— DIRECTIONS —
Pictures must be left out. Print the lines from the beginning of the material through the line holding "MiFreedomPop permite gestionar", exactly and nothing else.

— DATA EXTRACT —
══════════════════════════════

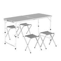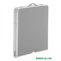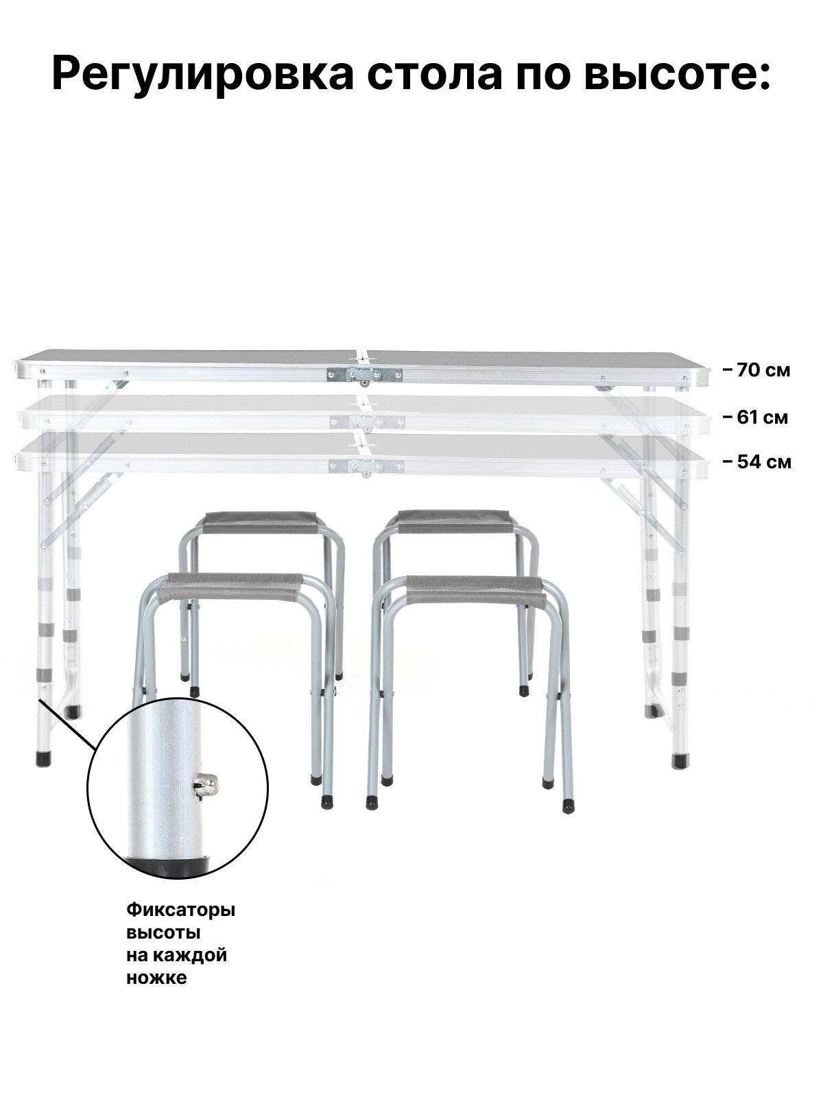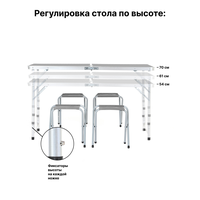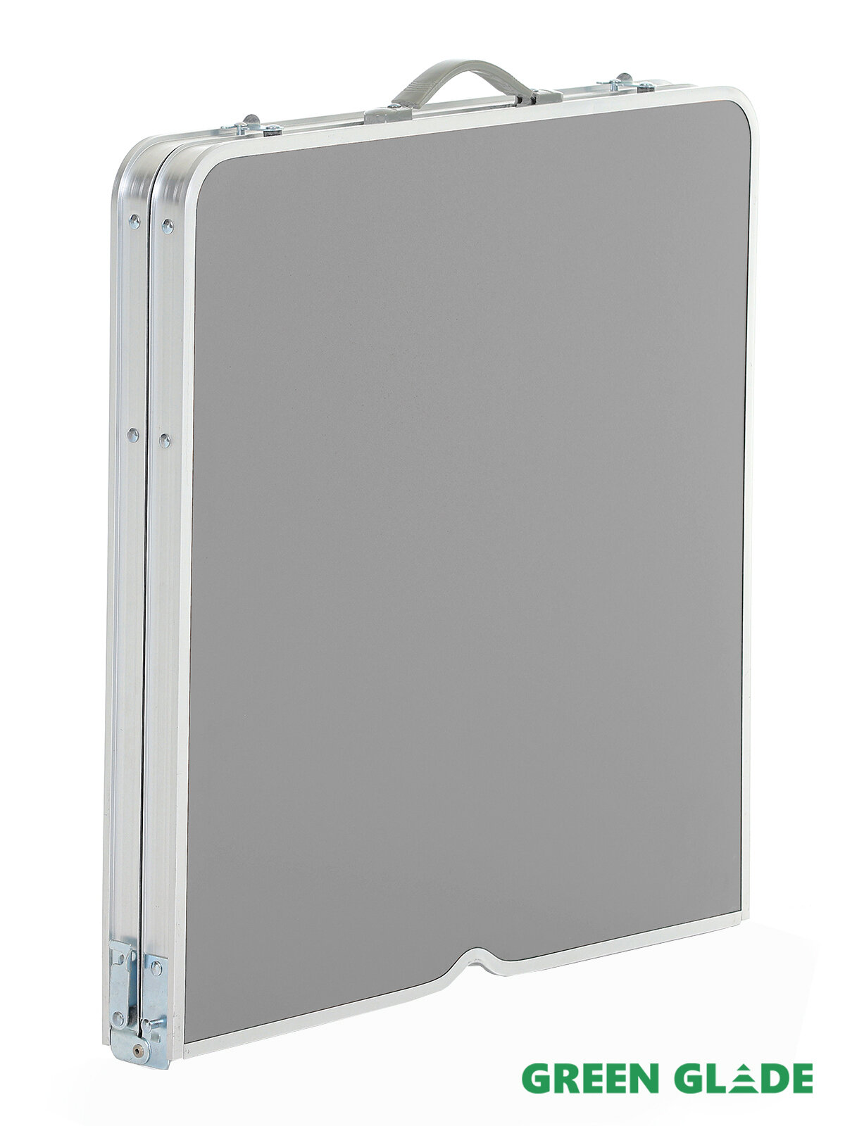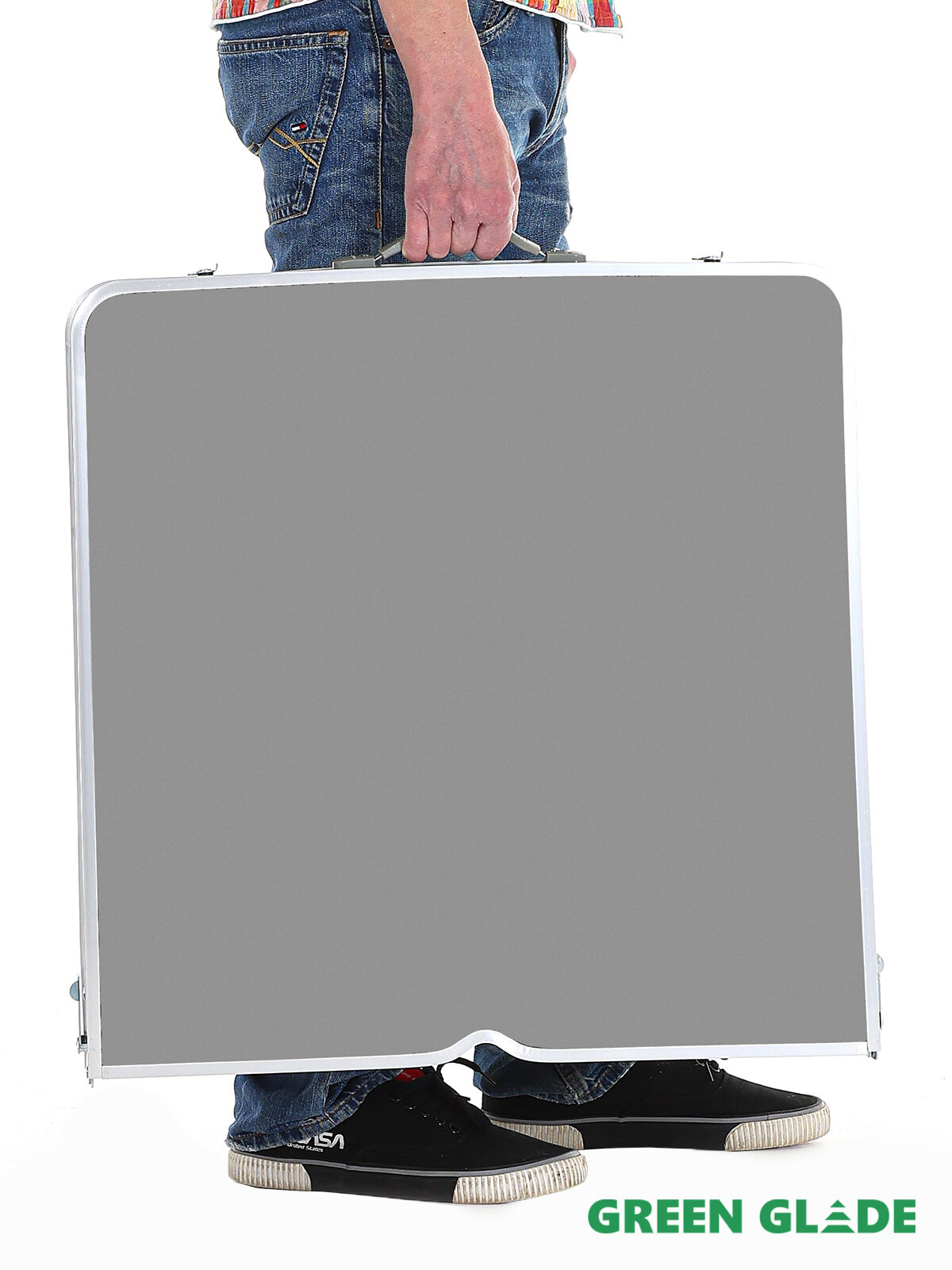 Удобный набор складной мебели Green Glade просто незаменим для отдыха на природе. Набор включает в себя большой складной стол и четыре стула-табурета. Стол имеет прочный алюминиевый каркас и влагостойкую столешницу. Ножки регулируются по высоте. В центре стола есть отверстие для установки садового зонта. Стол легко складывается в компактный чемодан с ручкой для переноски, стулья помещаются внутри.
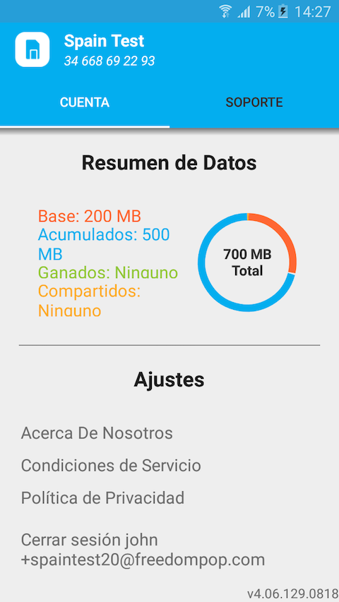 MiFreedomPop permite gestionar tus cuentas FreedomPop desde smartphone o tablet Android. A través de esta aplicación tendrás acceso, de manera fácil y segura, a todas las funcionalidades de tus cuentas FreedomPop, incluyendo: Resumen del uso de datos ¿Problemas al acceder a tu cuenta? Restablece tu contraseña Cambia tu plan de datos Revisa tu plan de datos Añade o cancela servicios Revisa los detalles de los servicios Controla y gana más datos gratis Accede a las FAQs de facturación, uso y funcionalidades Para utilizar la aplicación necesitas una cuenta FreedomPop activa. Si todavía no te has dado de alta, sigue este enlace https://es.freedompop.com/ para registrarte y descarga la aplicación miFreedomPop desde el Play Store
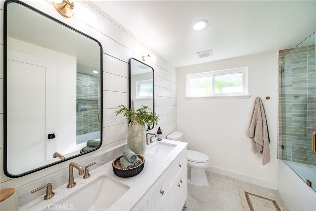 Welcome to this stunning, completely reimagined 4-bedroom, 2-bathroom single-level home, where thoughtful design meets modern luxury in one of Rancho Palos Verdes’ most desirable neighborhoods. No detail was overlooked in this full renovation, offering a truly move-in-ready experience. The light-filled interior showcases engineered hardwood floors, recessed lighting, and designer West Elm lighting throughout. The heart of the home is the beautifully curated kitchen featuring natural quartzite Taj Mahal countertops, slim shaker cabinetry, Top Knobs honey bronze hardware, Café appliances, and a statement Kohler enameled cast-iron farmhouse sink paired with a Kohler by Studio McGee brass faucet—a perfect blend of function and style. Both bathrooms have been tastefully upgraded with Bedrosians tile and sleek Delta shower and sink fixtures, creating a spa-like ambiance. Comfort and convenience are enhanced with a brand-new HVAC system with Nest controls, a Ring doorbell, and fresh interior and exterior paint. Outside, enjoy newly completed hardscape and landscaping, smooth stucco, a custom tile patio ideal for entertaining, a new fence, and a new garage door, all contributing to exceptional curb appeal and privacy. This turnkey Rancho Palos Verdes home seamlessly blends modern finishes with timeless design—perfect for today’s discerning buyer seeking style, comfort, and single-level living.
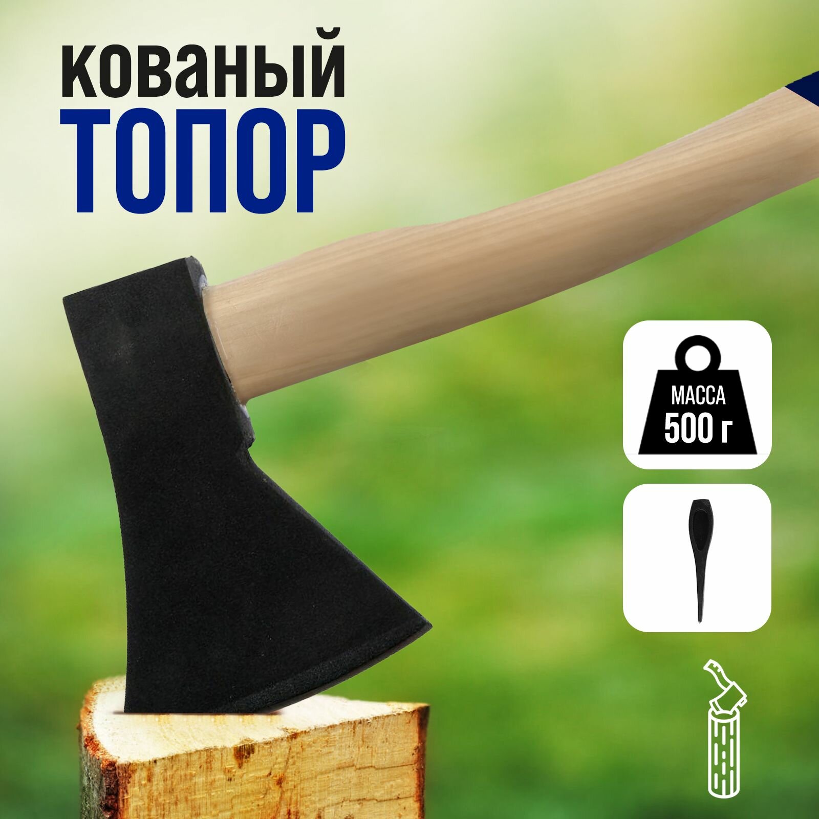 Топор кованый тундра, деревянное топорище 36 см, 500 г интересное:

══════════════════════════════

— EXERCISE RESULT —
 Удобный набор складной мебели Green Glade просто незаменим для отдыха на природе. Набор включает в себя большой складной стол и четыре стула-табурета. Стол имеет прочный алюминиевый каркас и влагостойкую столешницу. Ножки регулируются по высоте. В центре стола есть отверстие для установки садового зонта. Стол легко складывается в компактный чемодан с ручкой для переноски, стулья помещаются внутри.
 MiFreedomPop permite gestionar tus cuentas FreedomPop desde smartphone o tablet Android. A través de esta aplicación tendrás acceso, de manera fácil y segura, a todas las funcionalidades de tus cuentas FreedomPop, incluyendo: Resumen del uso de datos ¿Problemas al acceder a tu cuenta? Restablece tu contraseña Cambia tu plan de datos Revisa tu plan de datos Añade o cancela servicios Revisa los detalles de los servicios Controla y gana más datos gratis Accede a las FAQs de facturación, uso y funcionalidades Para utilizar la aplicación necesitas una cuenta FreedomPop activa. Si todavía no te has dado de alta, sigue este enlace https://es.freedompop.com/ para registrarte y descarga la aplicación miFreedomPop desde el Play Store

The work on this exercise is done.